Dobrnęliśmy do tego momentu w roku kalendarzowym, którego przymiotem jest wszechobecny luz. Słońce nie oszczędza, upały na przemian z ulewami pozwalają na obywatelski obowiązek narzekania, a komary mają konkretne chlanie. Można by przecież rzec, że wszystko po staremu, aczkolwiek wiadomo że nie do końca. Przecież jeszcze 100 dni temu mieliśmy nie wychodzić z domu, mieliśmy się bać i mieliśmy przenieść swoje życie już w pełni do wirtualnej rzeczywistości. Tam natomiast się kłócić, godzić, sprzeczać, kochać, nienawidzić i upuszczać frustrację związaną z zaistniałą sytuacją. 

Mimo statystyk, które wciąż notują nowe zakażenia jesteśmy już dwa miesiące po bardzo ważnej dacie, a mianowicie po legalnym powrocie na mate. Pięknie będzie wspominać ten złoty okres kiedy treningowe państwo podziemne na dobre rozwijało swoje konspiracyjne metody na praktykę ukochanej sztuki. Ba, to już nawet nie chodziło o miłość tylko o najzwyklejszą biologiczną potrzebę, no ale to już za nami, będzie co wspominać wnukom.

Postpandemia przypadła akurat na okres letni, a więc zostaliśmy wrzuceni w czas w którym wszyscy zwykli odpoczywać po roboczych dziesięciu miesiącach edukacji czy pracy zawodowej. W naszym przypadku to oczywiście czas podzielony pomiędzy kolejnymi turniejami, obozami sparingowymi, przygotowaniami, zbijaniem wagi i miksowaniem tego z codziennymi obowiązkami. Już na samą myśl kiedy o tym piszę czuje się zmęczony, ale nie, wcale się tak nie czuje. Przez ostatnie miesiące nie było ani zawodów, ani zbijania wagi, ani obozów sparingowych, ani przygotowań i miksowania tego z życiem codziennym. Było życie codzienne w którym usilnie poszukiwało się różnych sposobów na to by jednak narzucić sobie jakiś porządek, a nierzadko było to dochodzenie do momentu w którym odbijałeś się od dna lenistwa, aby piąć się przez chwilę na szczyt możliwości (dostępnych na dany moment). 

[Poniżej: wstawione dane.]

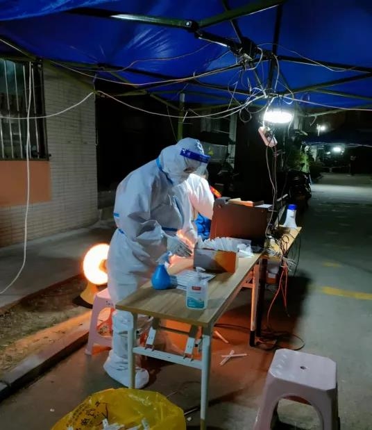 西安全市小區(qū)、單位實(shí)行封閉式管理的消息剛出來時(shí),通用技術(shù)國中康健西安電力醫(yī)院市級防控應(yīng)急核酸采樣隊(duì)員張穎接到醫(yī)院緊急集結(jié)令,火速出門攔下了一輛要下班的出租車。當(dāng)聽說目的地是去醫(yī)院支援抗疫時(shí),司機(jī)質(zhì)樸地說:“別人這會(huì)兒都往家跑,你們拋開家人向最危險(xiǎn)的地方去,向你們致敬,我為醫(yī)護(hù)免單!”同一時(shí)間,通用技術(shù)集團(tuán)所屬醫(yī)療機(jī)構(gòu)多支醫(yī)療隊(duì)的醫(yī)護(hù)人員從四面八方趕回到醫(yī)院,3000余名醫(yī)護(hù)人員,趕赴西安及周邊地區(qū)開展核酸采樣。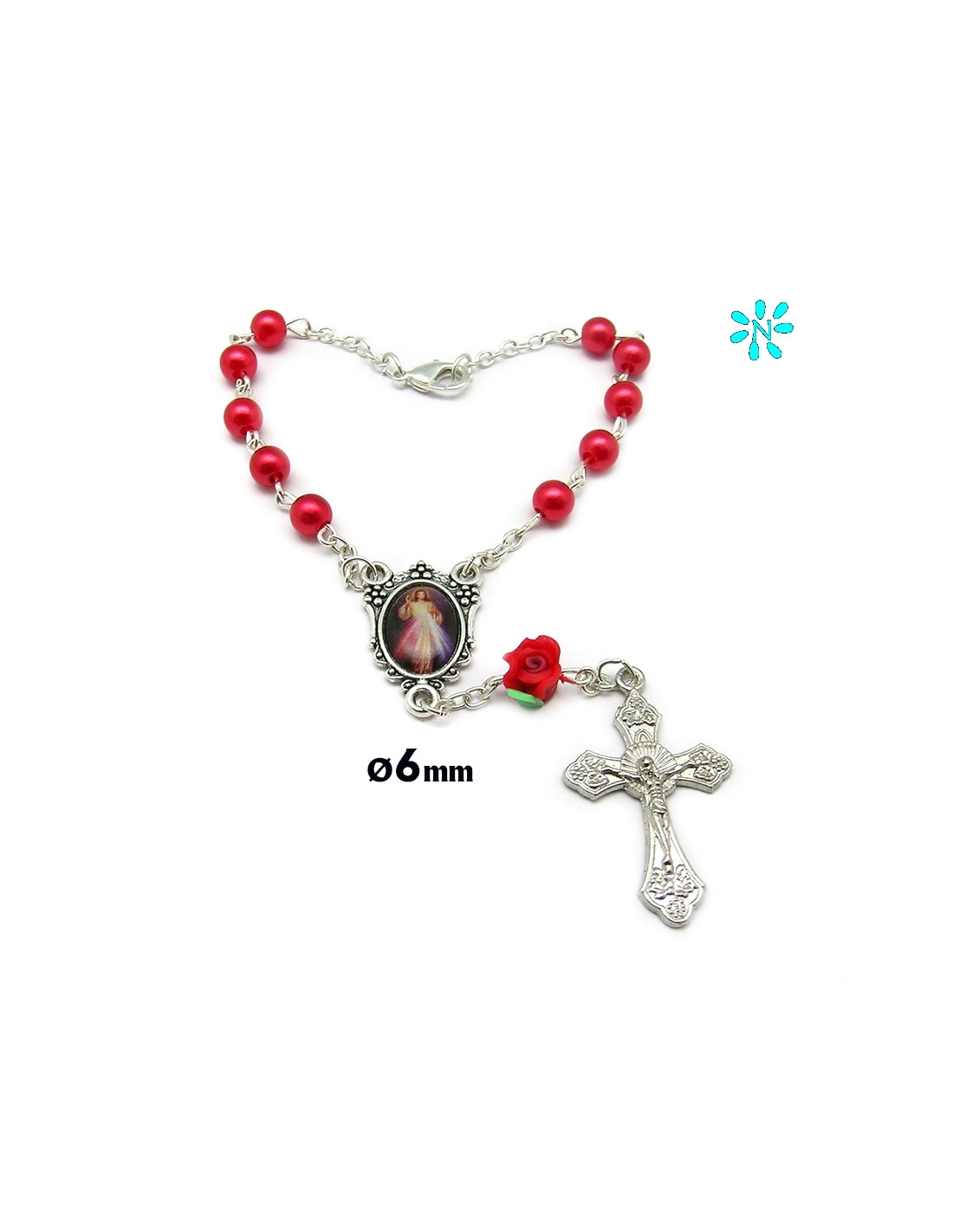 Decena Plastico 6Mm Rojo Con Flor Fimo Roja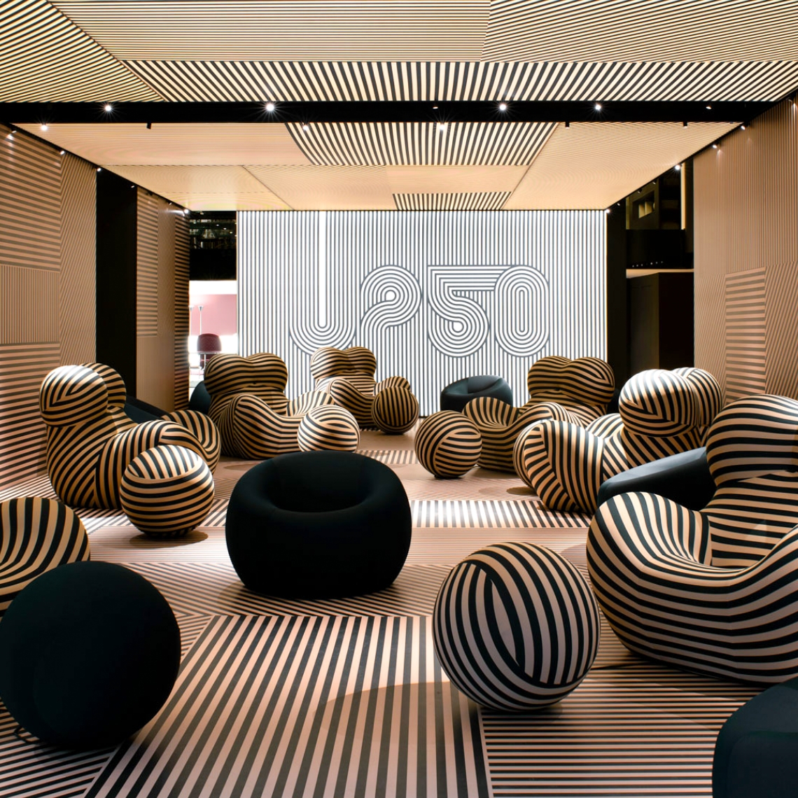 Nel fervore creativo di quegli anni, questa poltrona non è semplicemente un pezzo di arredamento, ma un manifesto culturale. La UP5, infatti, con le sue linee avvolgenti e la sua silhouette, che ricorda la forma femminile e abbinata al pouf che sembra quasi una catena, trasmette un messaggio potente e intriso di metafore: la donna dell'epoca come prigioniera delle convenzioni sociali, legata ad un destino non scelto, il pouf.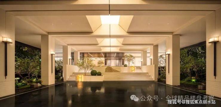 设计师在这里奢侈地造了一个宽约150米、纵深约36米的超级水院。奢石、叠水、层层绿植与雕塑高低错落,最特别的是,一道叠瀑直接从建筑立面上倾泻而下,仿佛建筑在与自然对话。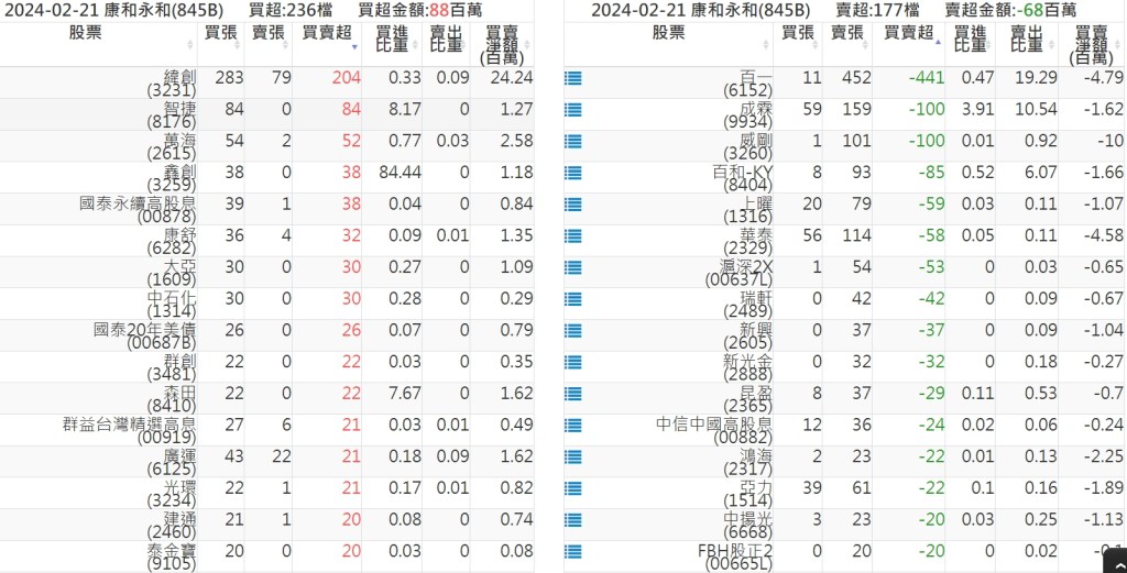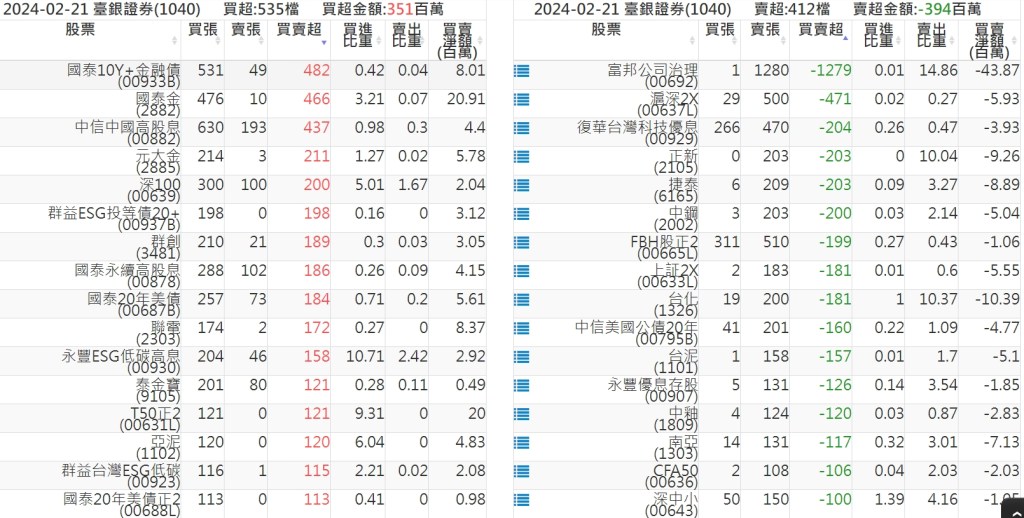 2024-0221關鍵券商買賣超 2024-02-21 股狗網小編 籌碼面每日資訊 發表留言 關鍵券商買賣超: 臺銀證券(1040): 台灣摩根士丹利(1470): 凱基台北(9268): 凱基信義(9216): 元大土城永寧(9875): 康和永和(845B) : 富邦建國(9658): 免責宣言 本網站文章所提供資訊僅供參考,並無任何推介買賣之意,投資人應自行承擔交易風險。 分享此文: 分享到 X(在新視窗中開啟) X 分享到 Facebook(在新視窗中開啟) Facebook 喜歡 正在載入...

Kalendarzowe lato wraz z końcem czerwca rozpoczęliśmy obozem kidsów w pięknym mazurskim pejzażu. Domki, jezioro, plaża, okrągły tydzień kanapeczek i oczywiście okrągły tydzień nauczania Jiu-Jitsu najmłodszego pokolenia. Te natomiast w roku bieżącym musiały doznać wręcz traumatycznego doświadczenia (ta, mhm, jasne) polegającego na wybiciu ich z klasycznego rytmu dnia podzielonego na ciężką pobudkę – szkołę – dom – lekcje – podwórko/komputer – spanie. Ich dojrzały i płomienny sarkazm z którym wypowiadali się o zdalnym nauczaniu najlepiej oddawał niepowagę sytuacji i być może Ministerstwo Edukacji powinno taki materiał przerobić. W każdym razie kidsy nagle musiały wejść pod zegar: pobudka-rozruch-śniadanie-sprzątanie-trening-obiad-trening-kolacja-sprzątanie-spanie. Oczywiście był czas wolny i było go naprawdę dużo gdyż jak się okazało wszyscy jesteśmy bardzo postpandemiczni. Ciężko powiedzieć, że kidsy dysponowały na matach swoją najlepszą dyspozycją, ale jak wspomniałem to nie był dla nich łatwy okres. 6 dni obozu z dwoma treningami dziennie po niemal 3 miesięcznej labie to poważna sprawa i wyszło naprawdę gites. Trenerzy natomiast dokładając wszelkich starań, aby postpandemiczny obóz spełnił swoją rolę również obnażyli swą naturę postpandemiczną.  Jeżeli w tym momencie przyszło Ci na myśl, że ktoś tu wykonywał jakieś nieodpowiedzialne ruchy to skończ proszę lekturę i się pożegnajmy. Fajnie było po prostu poczuć się znowu w tym letnim klimacie obozu, który w tym roku miał odrobinę inny charakter, ale zarówno kidsom jak i obecnej tam kadrze (piona Radomiaki !) dał naprawdę mnóstwo pozytywnej energii. 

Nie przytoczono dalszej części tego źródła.